As (AI) artificial intelligence moves from experimentation to enterprise-wide deployment, many organisations are discovering a critical dependency: AI cannot operate at scale without an intelligent, adaptive, and secure network foundation.
While investment in models, data pipelines, and GPUs continues to surge, the networking layer, long treated as a passive transport mechanism has emerged as a decisive factor determining whether AI succeeds or stalls.
In a recent conversation with iTNews Asia, Mark Ablett, Vice President for Asia Pacific and Japan at HPE Networking, explains why AI-native networking is becoming essential infrastructure for the AI-driven enterprise.
“AI workloads demand real-time responsiveness and adaptability across distributed environments. If the network can’t match that level of intelligence, it becomes the bottleneck to the entire AI strategy,” Ablett said.
And for many organisations, this limitation is rooted in outdated networking architectures not designed for the dynamic, high-throughput demands of modern AI.
AI-Native networking: A foundational shift
Ablett stresses that the rise of AI-native networking represents more than an incremental improvement, a full paradigm shift. “An AI-native network is fundamentally different because it's conceived and built with AI and for AI at its core, not added as an afterthought or bolt-on feature,” he said.
Traditional networks rely heavily on manual configuration and operate reactively, requiring human intervention when issues occur. Even software-defined networks, while more flexible, still depend on administrators to set rules and respond to disruptions. In contrast, AI-native networks continuously learn, adapt, and improve autonomously.
“These intelligent systems dynamically adapt and scale to meet evolving demands, resolving issues proactively without constant human oversight,” Ablett noted.
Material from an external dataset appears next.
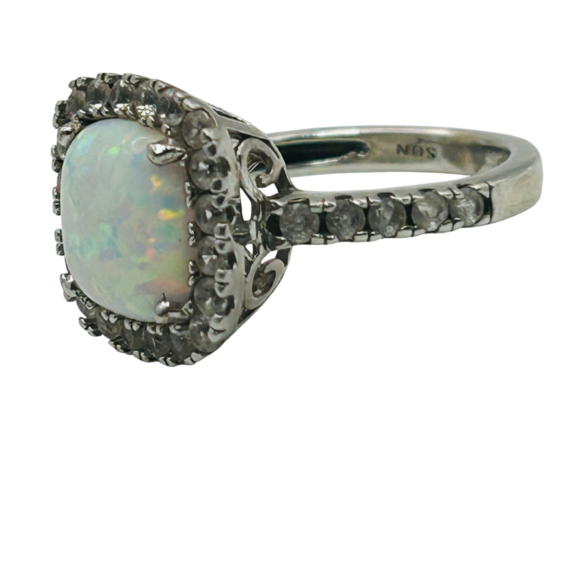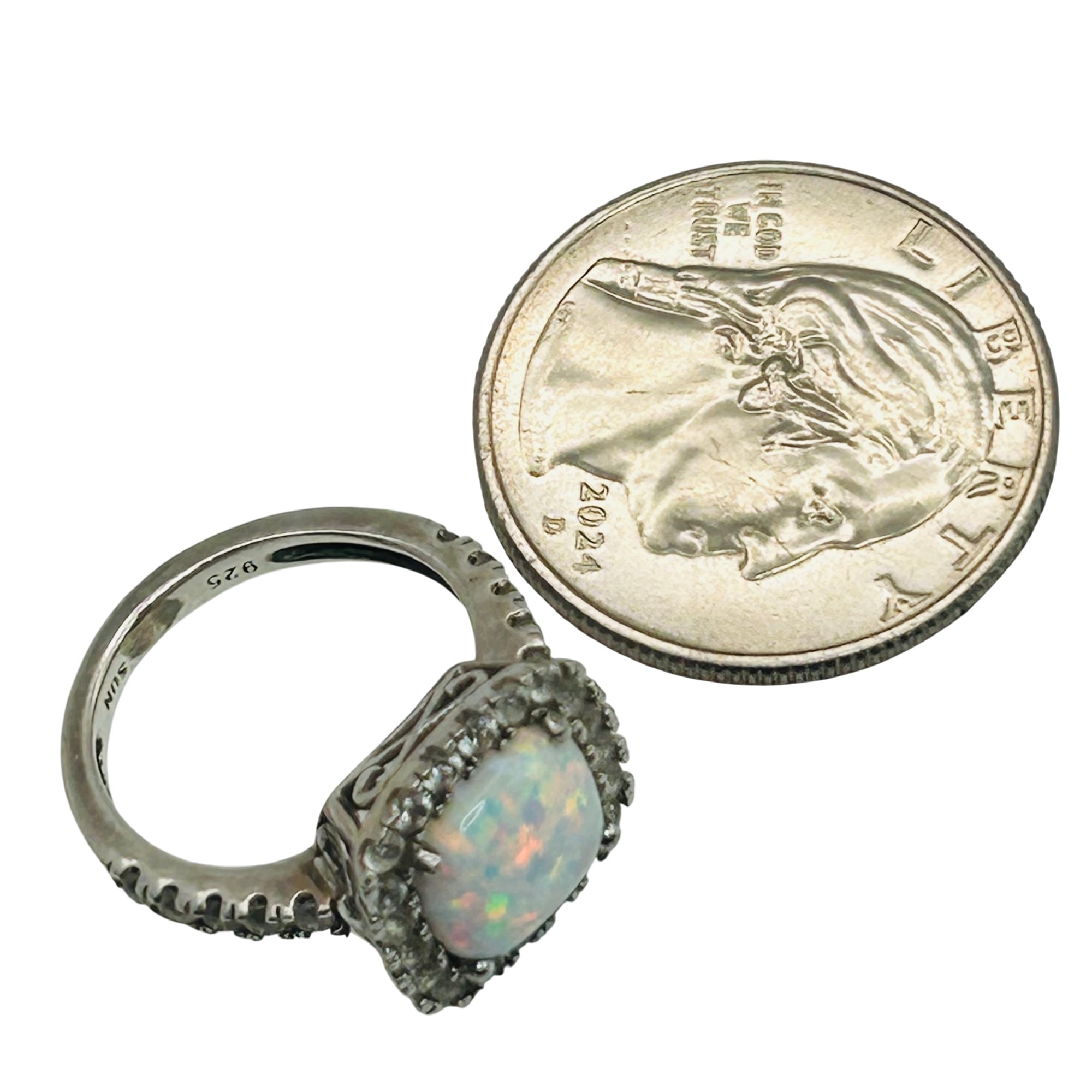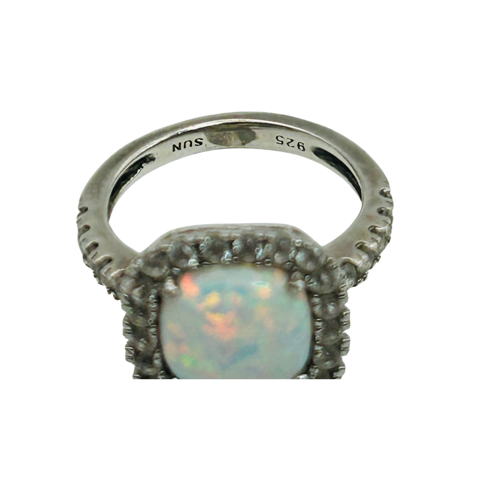 Sterling Opal and topaz halo set ring. Size 5. 3.20g

This intelligence enables organisations to eliminate manual bottlenecks, streamline operations, and support high-performance environments optimised for mission-critical AI workloads.
Why AI pilots fail to scale
Many AI initiatives demonstrate promising results in controlled pilots but struggle to transition into production environments. Ablett attributes this breakdown primarily to inadequate network infrastructure.
“AI pilots succeed in controlled environments with limited users and well-structured datasets. Production is different… That’s where traditional networks start to break down,” he explained.
As deployments expand, enterprises encounter bandwidth limitations, latency spikes, and inconsistent performance across hybrid environments. “These challenges are not peripheral, but they directly affect model performance and user experience.” Ablett said.
He further said enterprises often have a misunderstanding of AI’s networking demands. Many organisations view AI as a software or data problem rather than an infrastructure challenge. “The network feels invisible when it works, until it doesn't.”
Limitations
The limitations of traditional networks become particularly evident in distributed AI training scenarios. Ablett provided a clear illustration: “On a traditional network, congestion may take 30 seconds to detect and even longer to manually reroute, leaving expensive GPUs idle and training stalled.”
In sectors like healthcare, these delays can have real human consequences. Diagnostic AI processing medical images cannot tolerate even milliseconds of unanticipated latency. “Even a two-second delay can affect clinical outcomes. An intelligent network recognises the criticality and prioritises traffic accordingly.”
The irony, Ablett notes, is that enterprises invest heavily in models and talent while underinvesting in the next-gen network fabric required to support them.

Ultimately, the limitation isn’t bandwidth, but the absence of intelligence to adapt at the pace AI requires.
- Mark Ablett, Vice President for Asia Pacific and Japan at HPE Networking
As AI expands across hybrid and multicloud environments, security risks are escalating particularly when organisations attempt to retrofit AI onto legacy architectures. “Legacy architectures often create silos that AI can unintentionally exploit,” Ablett warned.
He emphasised that integrated security, not as third-party bolt-ons, is essential for protecting devices, data, and users in an always-connected world.
Ablett also identified several warning signs that indicate a network environment incapable of supporting enterprise-wide AI. They include unpredictable latency spikes, data bottlenecks between edge and cloud, fragmented visibility across network domains and heavy reliance on manual troubleshooting.
“These are all symptoms of networks that are still operating manually rather than intelligently,” he explained. AI-native networks can address these challenges through real-time telemetry, predictive analytics, and adaptive automation.
The road ahead
Looking ahead, Ablett believes the most critical network capabilities over the next three to five years will revolve around agility, built-in security, and AI-driven automation. Networks must become self-learning, predictive, and resilient as workloads and data move fluidly across environments.
“AI-native operations will indeed become the new backbone of digital transformation… an embedded intelligence layer that continuously optimises performance and enables enterprises to innovate faster,” he said.
As organisations accelerate their AI strategies, the message is clear: scalable AI is no longer limited by compute or algorithms, but by the intelligence of the network supporting it. “The question isn’t whether to invest in AI, but whether your infrastructure will allow that investment to deliver its full value.”